START Records for the exercise

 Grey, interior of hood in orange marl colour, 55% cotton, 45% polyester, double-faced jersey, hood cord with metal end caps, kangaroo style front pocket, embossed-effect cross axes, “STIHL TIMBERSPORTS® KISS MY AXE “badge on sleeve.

END Records for the exercise
START Records for the exercise

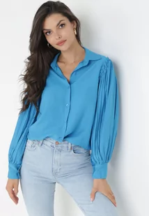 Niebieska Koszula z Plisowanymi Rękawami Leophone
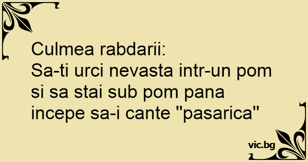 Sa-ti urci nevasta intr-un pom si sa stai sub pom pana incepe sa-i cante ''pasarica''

END Records for the exercise
START Records for the exercise

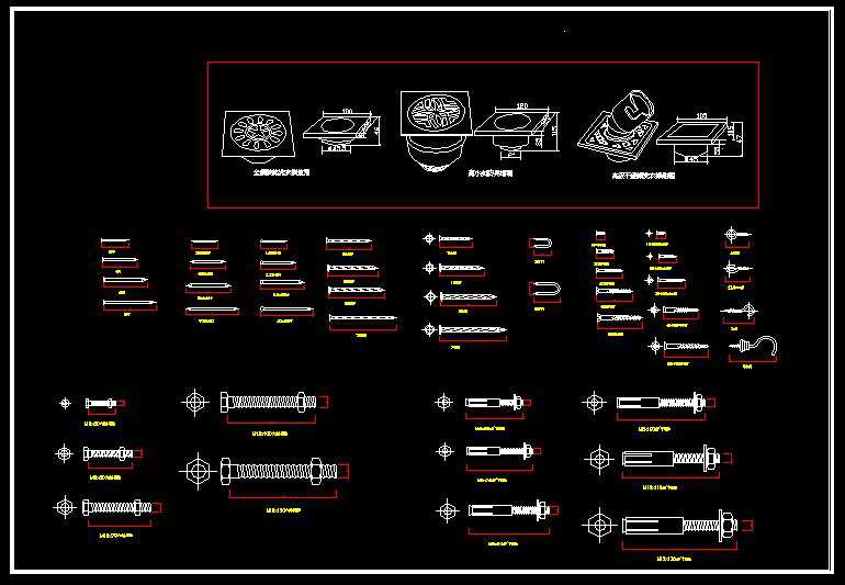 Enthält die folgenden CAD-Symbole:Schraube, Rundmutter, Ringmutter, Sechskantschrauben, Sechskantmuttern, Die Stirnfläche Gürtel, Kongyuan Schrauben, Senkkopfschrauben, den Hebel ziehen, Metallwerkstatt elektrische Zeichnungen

END Records for the exercise

Within the listing above, find the line containing "Niebieska Koszula z" and the line containing "Sa-ti urci nevasta". Transcribe them and everything between them exactly, leaving out the pictures.

■ Written reply ■
 Niebieska Koszula z Plisowanymi Rękawami Leophone
 Sa-ti urci nevasta intr-un pom si sa stai sub pom pana incepe sa-i cante ''pasarica''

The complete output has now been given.